The last two Seattle City Council meetings have been disrupted by a mysterious man wanting to address the council. At the March 24 meeting, after being prohibited from speaking, the man was shown Seattle code by legislative assistant Theresa Dunbar. (Public comment is allowed during council committee meetings or public hearings, not full council meetings.)

Nonetheless, the man subsequently sent a letter alerting Council President Peter Steinbrueck that he planned to be at the March 31 full council meeting. At that meeting, as the man waited, Steinbrueck called for a vote to suspend council rules and allow the man to take the mic. The vote failed.
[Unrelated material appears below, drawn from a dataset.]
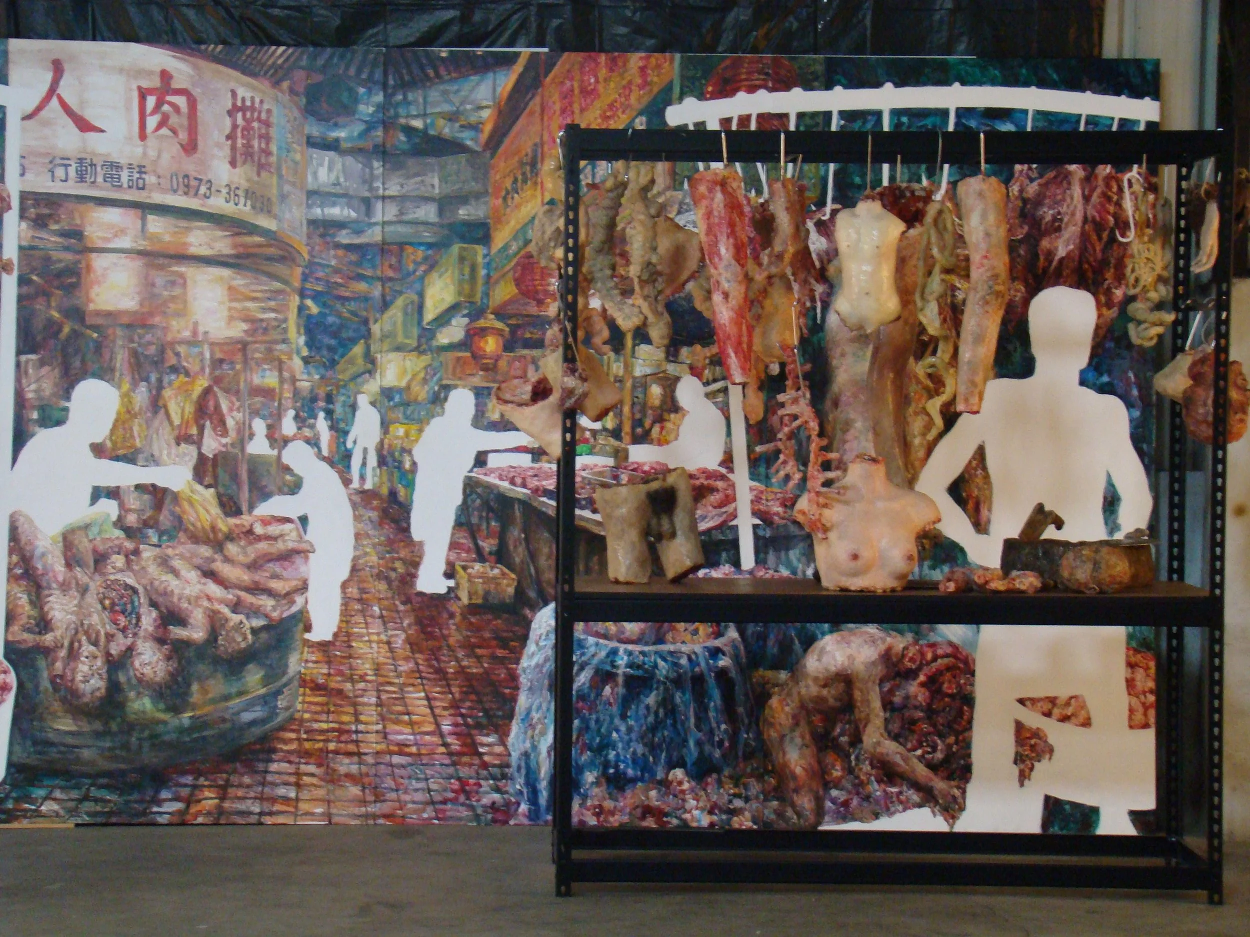 洪天宇的肢解作品,強迫觀者去接受一個人認真地殘害另一個人的殘酷,從而整個肉攤所呈現的就是人類毫無人性的一面,這個肉攤之所以令人無法忍受,並不在於肉攤上那些肢解成肉品的斷肢,而是這個肉攤涉及了眾生的疼痛與莫以言語的苦悲。

As he sat in the front row during the meeting, the man was monitored by security. The guards later learned that the man had delivered a bouquet of flowers to the council prior to the meeting. NANCY DREW


Redesigning the P-I

A plan to comprehensively revamp the Seattle Post-Intelligencer and make the paper more appealing to youngsters ["Post-Intelligent Design," Sandeep Kaushik, Nov 14, 2002]--code-named Project Tornado--has picked up speed.

P-I sources report that the paper is investing heavily in Project Tornado, taking staffers off daily assignments. Several weeks ago one P-I reporter made the rounds of city hall offices to ask younger city staffers how the P-I could be more relevant to political junkies. He was also interested in finding ways to make the daily more like a certain alternative weekly, council sources report. SANDEEP KAUSHIK


P-I, Times: Waiting for a Pulitzer

As we went to press on April 1, an unconfirmed list of Pulitzer Prize finalists leaked to industry publication Editor & Publisher included both the Seattle Times and the Seattle Post-Intelligencer. The Times is said to have two finalists--its coverage of the D.C. sniper, and its "Terrorist Within" investigation. P-I editorial cartoonist David Horsey, a winner in 1999, is again on the list. SANDEEP KAUSHIK


Gaping in West Seattle

West Seattle's Big Kmart on Delridge Way Southwest will soon close, leaving a prominent gap in the neighborhood. "Most people orient themselves from the Kmart," explains Jim Diers, executive director of the Delridge Neighborhood Development Association.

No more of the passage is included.